▶ **Exercise details**
Lines from the line with "艶消しのテクスチャーで花びら" to the line with "Cipher Technologies is" in the entries below, and only those, must be output exactly, with both ends included.

▶ **Exercise data**

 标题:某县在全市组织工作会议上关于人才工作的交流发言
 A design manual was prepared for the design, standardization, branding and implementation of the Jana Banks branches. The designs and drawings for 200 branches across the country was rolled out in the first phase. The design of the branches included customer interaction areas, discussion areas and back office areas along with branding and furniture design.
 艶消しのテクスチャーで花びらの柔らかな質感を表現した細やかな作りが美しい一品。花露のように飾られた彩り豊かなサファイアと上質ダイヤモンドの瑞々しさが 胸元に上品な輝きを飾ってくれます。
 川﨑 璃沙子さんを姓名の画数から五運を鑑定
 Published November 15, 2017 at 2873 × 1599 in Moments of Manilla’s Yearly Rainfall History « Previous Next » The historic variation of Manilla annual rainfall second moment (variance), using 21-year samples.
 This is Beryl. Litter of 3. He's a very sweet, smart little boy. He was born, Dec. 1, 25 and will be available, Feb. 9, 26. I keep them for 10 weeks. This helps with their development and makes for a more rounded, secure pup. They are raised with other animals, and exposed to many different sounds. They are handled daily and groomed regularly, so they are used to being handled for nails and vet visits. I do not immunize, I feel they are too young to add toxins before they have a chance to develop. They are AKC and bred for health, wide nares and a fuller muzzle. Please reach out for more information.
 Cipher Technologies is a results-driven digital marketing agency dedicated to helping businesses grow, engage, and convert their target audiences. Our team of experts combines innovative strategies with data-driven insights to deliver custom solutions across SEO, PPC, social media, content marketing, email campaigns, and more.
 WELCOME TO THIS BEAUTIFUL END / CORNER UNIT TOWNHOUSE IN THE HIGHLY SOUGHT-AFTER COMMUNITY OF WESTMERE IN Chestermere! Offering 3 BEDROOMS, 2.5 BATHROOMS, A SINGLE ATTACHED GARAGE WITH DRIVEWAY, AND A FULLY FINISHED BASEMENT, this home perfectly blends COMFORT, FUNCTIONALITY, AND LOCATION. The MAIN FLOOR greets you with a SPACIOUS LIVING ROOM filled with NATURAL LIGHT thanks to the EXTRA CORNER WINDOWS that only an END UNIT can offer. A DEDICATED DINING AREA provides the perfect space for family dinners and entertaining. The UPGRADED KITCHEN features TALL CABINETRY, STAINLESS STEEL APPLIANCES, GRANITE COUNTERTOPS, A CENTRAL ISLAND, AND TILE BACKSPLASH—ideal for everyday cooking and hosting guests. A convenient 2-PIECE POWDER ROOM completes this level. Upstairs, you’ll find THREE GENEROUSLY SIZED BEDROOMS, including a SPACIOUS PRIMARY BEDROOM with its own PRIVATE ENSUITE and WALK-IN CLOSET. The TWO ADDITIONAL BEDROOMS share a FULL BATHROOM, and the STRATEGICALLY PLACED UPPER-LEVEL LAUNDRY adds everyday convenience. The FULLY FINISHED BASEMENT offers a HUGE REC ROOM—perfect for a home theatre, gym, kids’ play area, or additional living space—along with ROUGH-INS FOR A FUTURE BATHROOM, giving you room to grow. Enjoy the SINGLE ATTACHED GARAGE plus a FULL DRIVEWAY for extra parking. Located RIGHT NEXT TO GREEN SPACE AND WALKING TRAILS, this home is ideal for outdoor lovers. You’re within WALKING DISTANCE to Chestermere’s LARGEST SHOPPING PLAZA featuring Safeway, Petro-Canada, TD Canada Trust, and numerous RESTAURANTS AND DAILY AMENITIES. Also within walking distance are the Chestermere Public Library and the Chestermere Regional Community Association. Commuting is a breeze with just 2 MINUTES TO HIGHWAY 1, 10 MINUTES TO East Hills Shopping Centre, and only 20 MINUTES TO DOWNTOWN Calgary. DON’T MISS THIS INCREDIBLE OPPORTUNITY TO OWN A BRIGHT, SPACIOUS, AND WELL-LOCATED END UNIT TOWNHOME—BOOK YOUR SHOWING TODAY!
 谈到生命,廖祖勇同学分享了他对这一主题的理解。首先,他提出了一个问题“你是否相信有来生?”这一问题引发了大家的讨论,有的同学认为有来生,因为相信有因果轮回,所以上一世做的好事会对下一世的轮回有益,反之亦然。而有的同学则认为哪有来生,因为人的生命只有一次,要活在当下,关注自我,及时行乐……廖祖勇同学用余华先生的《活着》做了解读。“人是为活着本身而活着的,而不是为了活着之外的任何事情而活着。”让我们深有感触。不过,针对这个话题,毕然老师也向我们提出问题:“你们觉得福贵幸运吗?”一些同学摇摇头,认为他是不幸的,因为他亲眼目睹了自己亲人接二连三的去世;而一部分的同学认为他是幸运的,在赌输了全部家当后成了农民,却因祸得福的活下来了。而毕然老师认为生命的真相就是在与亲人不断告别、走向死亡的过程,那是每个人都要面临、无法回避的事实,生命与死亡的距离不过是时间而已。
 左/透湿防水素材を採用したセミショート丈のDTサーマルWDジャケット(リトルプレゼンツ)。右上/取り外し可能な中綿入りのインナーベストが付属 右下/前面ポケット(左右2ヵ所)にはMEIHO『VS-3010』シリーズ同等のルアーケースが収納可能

▶ **The answer**
 艶消しのテクスチャーで花びらの柔らかな質感を表現した細やかな作りが美しい一品。花露のように飾られた彩り豊かなサファイアと上質ダイヤモンドの瑞々しさが 胸元に上品な輝きを飾ってくれます。
 川﨑 璃沙子さんを姓名の画数から五運を鑑定
 Published November 15, 2017 at 2873 × 1599 in Moments of Manilla’s Yearly Rainfall History « Previous Next » The historic variation of Manilla annual rainfall second moment (variance), using 21-year samples.
 This is Beryl. Litter of 3. He's a very sweet, smart little boy. He was born, Dec. 1, 25 and will be available, Feb. 9, 26. I keep them for 10 weeks. This helps with their development and makes for a more rounded, secure pup. They are raised with other animals, and exposed to many different sounds. They are handled daily and groomed regularly, so they are used to being handled for nails and vet visits. I do not immunize, I feel they are too young to add toxins before they have a chance to develop. They are AKC and bred for health, wide nares and a fuller muzzle. Please reach out for more information.
 Cipher Technologies is a results-driven digital marketing agency dedicated to helping businesses grow, engage, and convert their target audiences. Our team of experts combines innovative strategies with data-driven insights to deliver custom solutions across SEO, PPC, social media, content marketing, email campaigns, and more.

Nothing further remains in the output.